• [Data to examine]:
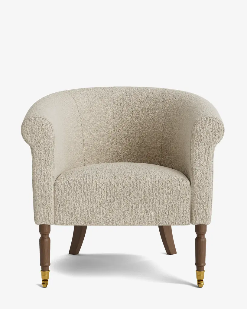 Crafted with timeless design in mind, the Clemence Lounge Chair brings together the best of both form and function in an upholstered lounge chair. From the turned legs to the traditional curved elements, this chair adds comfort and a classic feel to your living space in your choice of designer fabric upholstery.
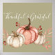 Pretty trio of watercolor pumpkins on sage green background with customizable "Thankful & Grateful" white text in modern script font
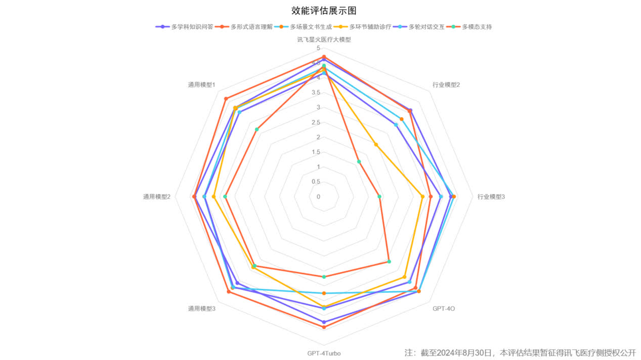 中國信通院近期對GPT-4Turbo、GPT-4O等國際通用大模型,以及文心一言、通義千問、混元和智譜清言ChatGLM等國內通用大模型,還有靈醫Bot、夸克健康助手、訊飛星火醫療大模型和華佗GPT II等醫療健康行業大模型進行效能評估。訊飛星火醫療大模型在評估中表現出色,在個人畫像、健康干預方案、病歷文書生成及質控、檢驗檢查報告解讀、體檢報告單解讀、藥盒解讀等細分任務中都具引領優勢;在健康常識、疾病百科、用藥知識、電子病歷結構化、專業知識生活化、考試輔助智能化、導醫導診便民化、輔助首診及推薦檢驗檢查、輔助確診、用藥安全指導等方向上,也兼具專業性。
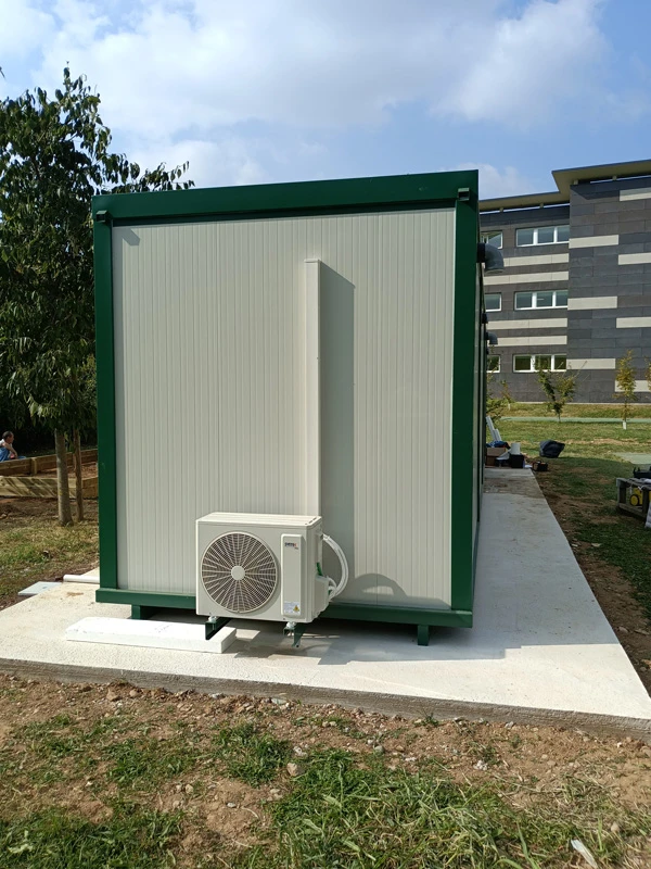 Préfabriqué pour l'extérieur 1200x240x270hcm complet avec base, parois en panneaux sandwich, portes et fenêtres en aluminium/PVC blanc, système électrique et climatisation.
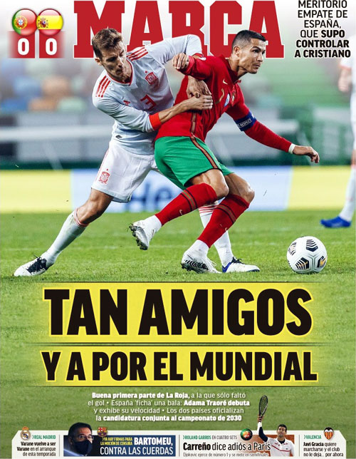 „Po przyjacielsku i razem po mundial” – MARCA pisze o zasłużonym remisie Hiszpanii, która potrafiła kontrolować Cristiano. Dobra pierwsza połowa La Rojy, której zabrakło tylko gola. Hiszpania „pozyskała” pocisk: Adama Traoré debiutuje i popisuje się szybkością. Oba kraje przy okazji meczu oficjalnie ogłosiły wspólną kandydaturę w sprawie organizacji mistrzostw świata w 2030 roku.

• [Work to be completed]: Copy exactly the lines that run from the line containing "Préfabriqué pour l'extérieur" to the end of the data above, keeping both end lines and leaving out all pictures.

• [Your solution]:
 Préfabriqué pour l'extérieur 1200x240x270hcm complet avec base, parois en panneaux sandwich, portes et fenêtres en aluminium/PVC blanc, système électrique et climatisation.
 „Po przyjacielsku i razem po mundial” – MARCA pisze o zasłużonym remisie Hiszpanii, która potrafiła kontrolować Cristiano. Dobra pierwsza połowa La Rojy, której zabrakło tylko gola. Hiszpania „pozyskała” pocisk: Adama Traoré debiutuje i popisuje się szybkością. Oba kraje przy okazji meczu oficjalnie ogłosiły wspólną kandydaturę w sprawie organizacji mistrzostw świata w 2030 roku.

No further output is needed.